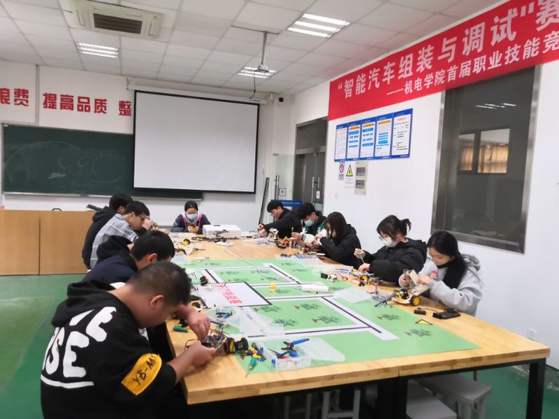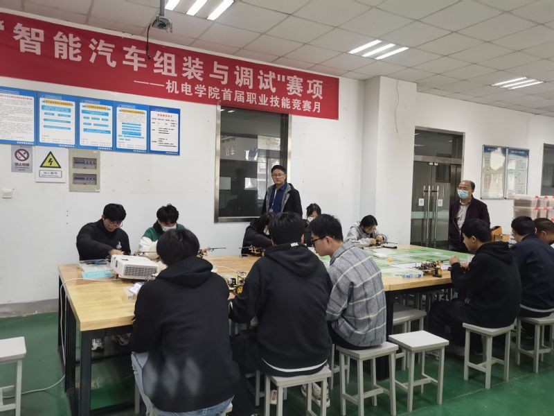 11月23日初赛胜出选手参加决赛。比赛要求参赛选手在规定时间内,对智能化小车进行安装与调试;依据规范完成作业流程,并根据现场裁判的要求完成试车,要能熟练地查阅维修资料、设置参数、规范使用工量具和仪器设备、准确设置技术参数,做到安全文明作业。
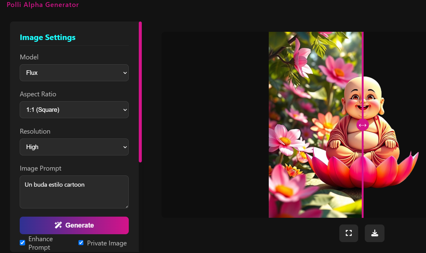 Excelente generador de imágenes que incluye: mejora de prompt (enhance) con un LLM elegido de una lista de más de 10 opciones, más de 200 estilos artísticos y relación de aspecto configurable. La herramienta fue diseñada por el reverendo Dr. Tolerant, también conocido como "Tolerant", usando Pollinations.AI.
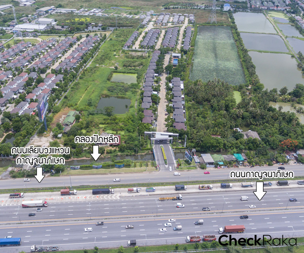 ตัวโครงการติดหน้าถนนเลียบวงแหวนกาญจนาภิเษก ฝั่งตะวันออก ตรงเข้าไปเป็นสะพานข้ามคลองปักหลักค่ะ

....

◆ **What you need to do**
The response has to be an exact copy of all the data, pictures excluded.

◆ **Response area**
 11月23日初赛胜出选手参加决赛。比赛要求参赛选手在规定时间内,对智能化小车进行安装与调试;依据规范完成作业流程,并根据现场裁判的要求完成试车,要能熟练地查阅维修资料、设置参数、规范使用工量具和仪器设备、准确设置技术参数,做到安全文明作业。
 Excelente generador de imágenes que incluye: mejora de prompt (enhance) con un LLM elegido de una lista de más de 10 opciones, más de 200 estilos artísticos y relación de aspecto configurable. La herramienta fue diseñada por el reverendo Dr. Tolerant, también conocido como "Tolerant", usando Pollinations.AI.
 ตัวโครงการติดหน้าถนนเลียบวงแหวนกาญจนาภิเษก ฝั่งตะวันออก ตรงเข้าไปเป็นสะพานข้ามคลองปักหลักค่ะ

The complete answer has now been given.